Ebenso interessant sind aktuelle Entwicklungen im Bereich E-Commerce. Güter wie Spiele und Sammelgegenstände werden zunehmend digital gekauft und auf digitalen Handelsplätzen getauscht. Dezentrale Handelsplätze bieten viele Vorteile, da Gegenstände plattformübergreifend gehandelt und beispielsweise in mehreren Online-Spielen genutzt werden können. Zudem sorgt der dezentrale Ansatz für mehr Sicherheit und Transparenz, da durch den Einbezug mehrerer Betreiber beispielsweise die Vervielfältigung von Gegenständen mittels der Blockchain nachvollziehbar ist und über Mehrheitsabstimmungen eingeschränkt werden kann. So wird die Werterhaltung gesteigert, da Gegenstände nicht beliebig von einem zentralen Anbieter vervielfältigt werden können.
Ein letzter, eigentlich offensichtlicher Anwendungsfall ist im Bereich der Zahlungsabwicklung zu finden. Aktuelle Entwicklungen im Bereich Open Banking sorgen dafür, dass Banken ihre Schnittstellen öffnen müssen und kleineren StartUps die Chance geben, neue innovative Anwendungsfälle zu entwickeln.
Gerade die Schnittstelle zwischen traditionellen Zahlungssystemen und Blockchains ist hierbei interessant. Mithilfe der Perun Off-Chain-Technologie ist es möglich, alte mit neuen Systemen zu verknüpfen und auch Transaktionen zwischen verschiedenen Blockchains (Cross-Chain) durchzuführen. Wir denken, dass dies in Zukunft nötig sein wird, da der Umstieg auf Blockchain nicht von heute auf morgen geschehen wird und hierfür Zwischenlösungen benötigt werden.
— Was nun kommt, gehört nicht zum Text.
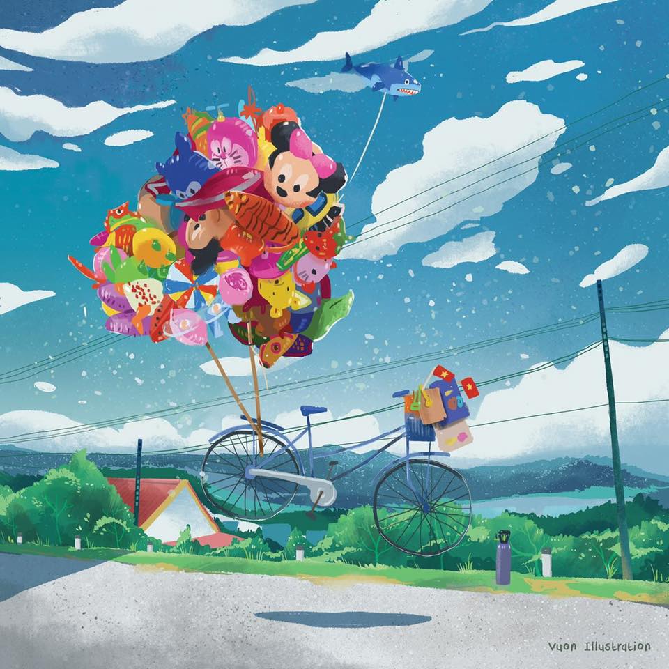 Một trời mơ ước của những đứa trẻ là đây, loại bong bóng mà ngày xưa chỉ những nhà có điều kiện mới dám mua cho con. Nguồn: Vườn Illustration

Welche weiteren Schritte planen Sie? Auch kommerzielle Anwendungen der neuen Technologien?
Wir befinden uns aktuell in der Ausgründungsphase aus der Technische Universität Darmstadt. Unser Ziel ist es, die entwickelte Technologie einzusetzen, um Unternehmen den Zugang zur Blockchain-Technologie zu erleichtern. Wir möchten vor allem kleine und mittelständische Unternehmen dabei unterstützen, Anwendungsfälle mit der neuen Technologie nutzerfreundlich, kostengünstig und vor allem sicher umzusetzen.